BEGIN
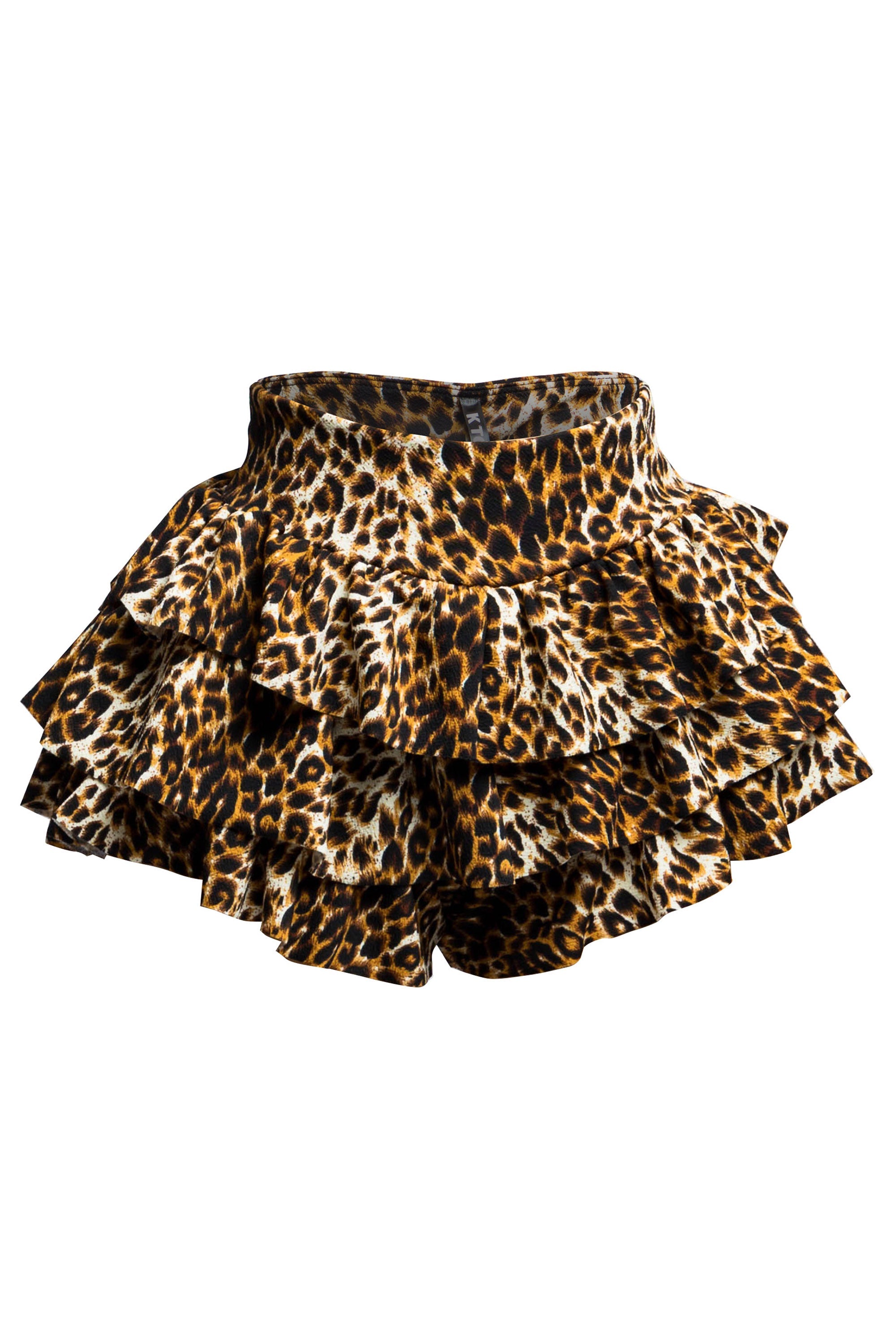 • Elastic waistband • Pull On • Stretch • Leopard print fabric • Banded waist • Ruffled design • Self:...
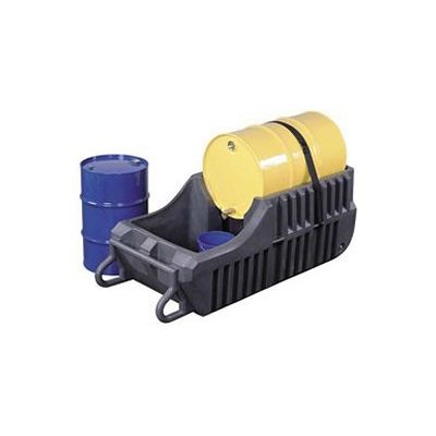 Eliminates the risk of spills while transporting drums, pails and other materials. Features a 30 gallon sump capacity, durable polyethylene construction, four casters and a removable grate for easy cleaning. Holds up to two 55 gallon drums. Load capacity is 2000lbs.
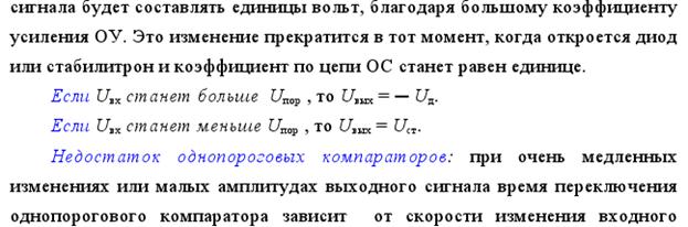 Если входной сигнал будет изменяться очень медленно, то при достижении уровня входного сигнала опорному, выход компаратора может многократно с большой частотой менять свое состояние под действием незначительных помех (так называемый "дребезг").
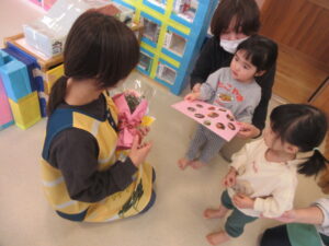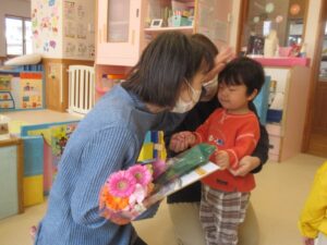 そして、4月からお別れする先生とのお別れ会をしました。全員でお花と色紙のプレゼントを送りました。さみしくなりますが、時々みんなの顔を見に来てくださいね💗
END
Work order - Find the line that contains "Eliminates the risk" and repeat it, along with every line after it to the end of the data, exactly; drop the pictures.

Solution for this problem -
 Eliminates the risk of spills while transporting drums, pails and other materials. Features a 30 gallon sump capacity, durable polyethylene construction, four casters and a removable grate for easy cleaning. Holds up to two 55 gallon drums. Load capacity is 2000lbs.
 Если входной сигнал будет изменяться очень медленно, то при достижении уровня входного сигнала опорному, выход компаратора может многократно с большой частотой менять свое состояние под действием незначительных помех (так называемый "дребезг").
 そして、4月からお別れする先生とのお別れ会をしました。全員でお花と色紙のプレゼントを送りました。さみしくなりますが、時々みんなの顔を見に来てくださいね💗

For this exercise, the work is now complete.